>>>
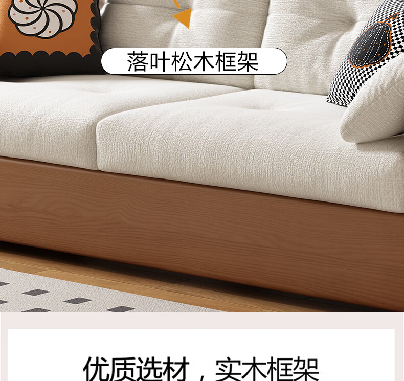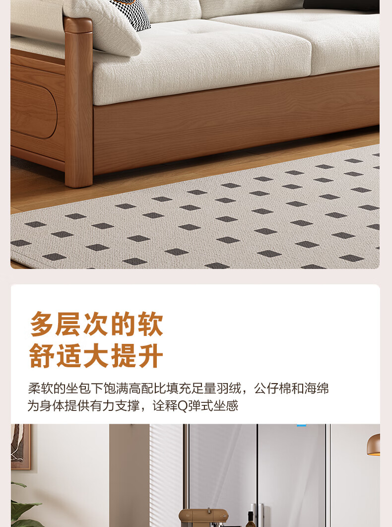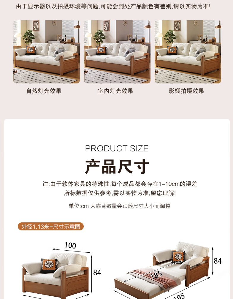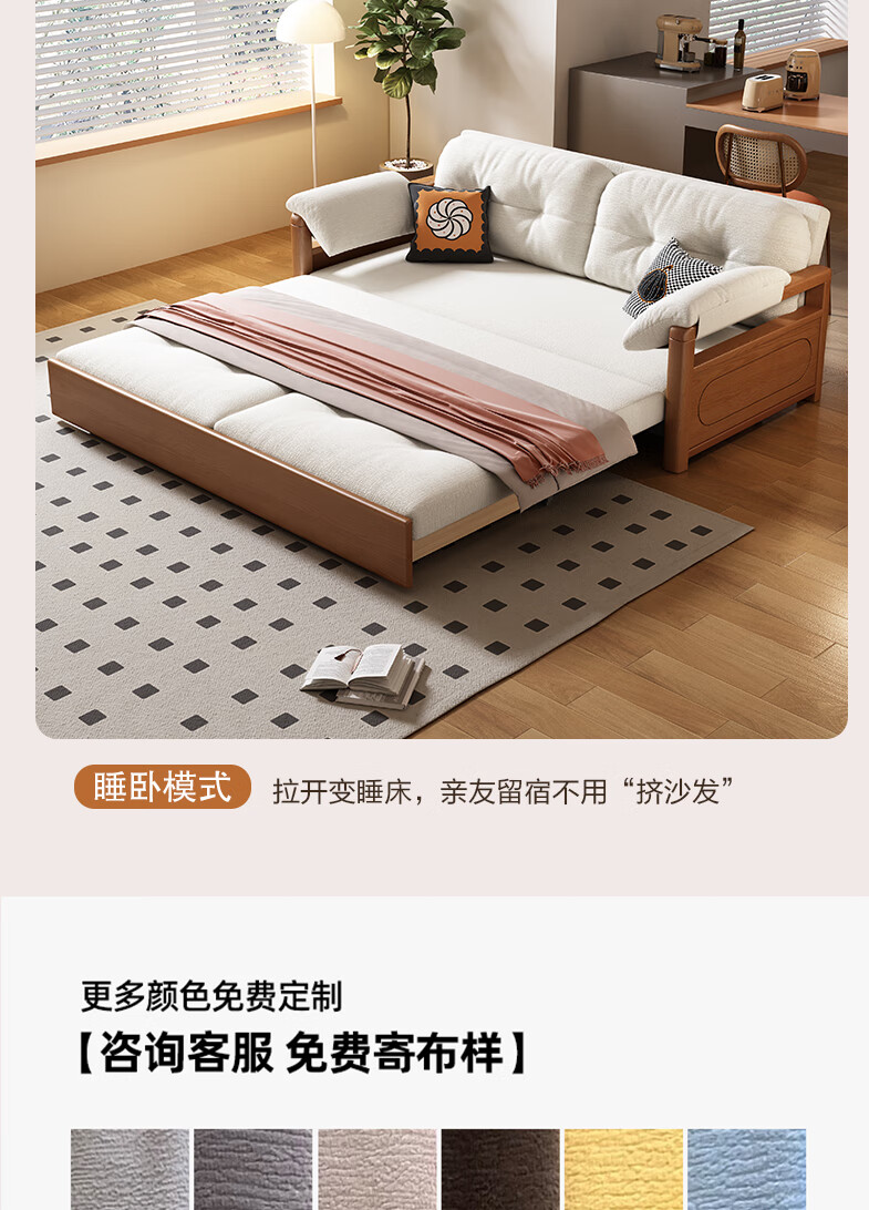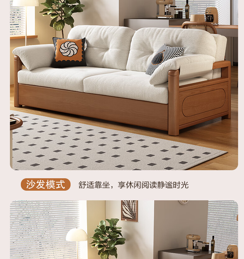 莘联可折叠实木沙发床坐卧一体两用小户型客厅高级感中古风雪尼尔沙发 外径:1.13m(无储物)白蜡木沙发床 高弹海绵款(加厚雪尼尔)
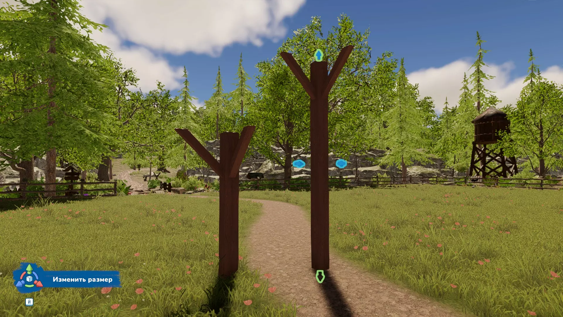 按Y键可以将变换模式切换为“调整大小”。遗憾的是,该功能并非在所有场景下都能使用。目前发现仅在沙盒模式的柱子上有效,例如可以调整它们的长度。
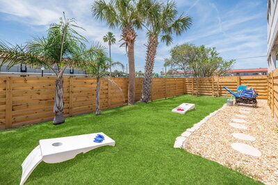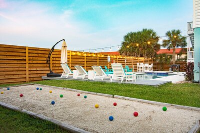 The backyard offers endless fun with a bocce ball court, cornhole, and plenty of lounge seating for sunbathing around the pool.
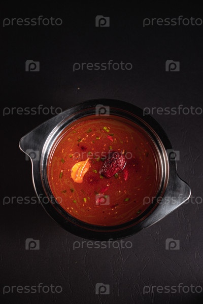 Суп-бульон в железной тарелке на темном фоне, вид сбоку
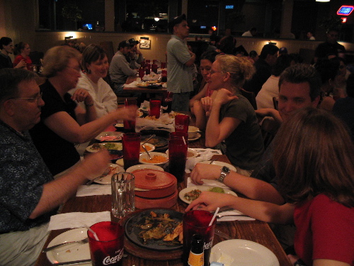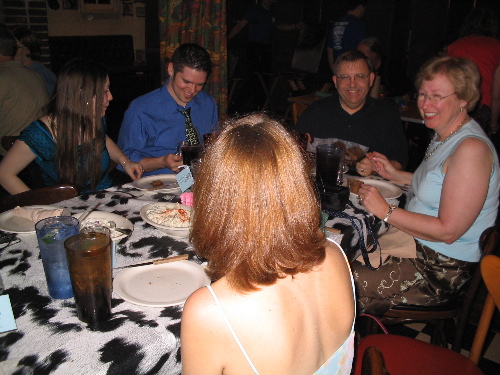The groom's family and Jay & Jenny Baker gather around a table at the rehearsal dinner. | Shower gifts
<<<
### Task prompt
Extract precisely the lines beginning at the line containing "Суп-бульон в железной" and ending at the last line of the entries above, exactly as written and with no pictures.

### Reply
 Суп-бульон в железной тарелке на темном фоне, вид сбоку
The groom's family and Jay & Jenny Baker gather around a table at the rehearsal dinner. | Shower gifts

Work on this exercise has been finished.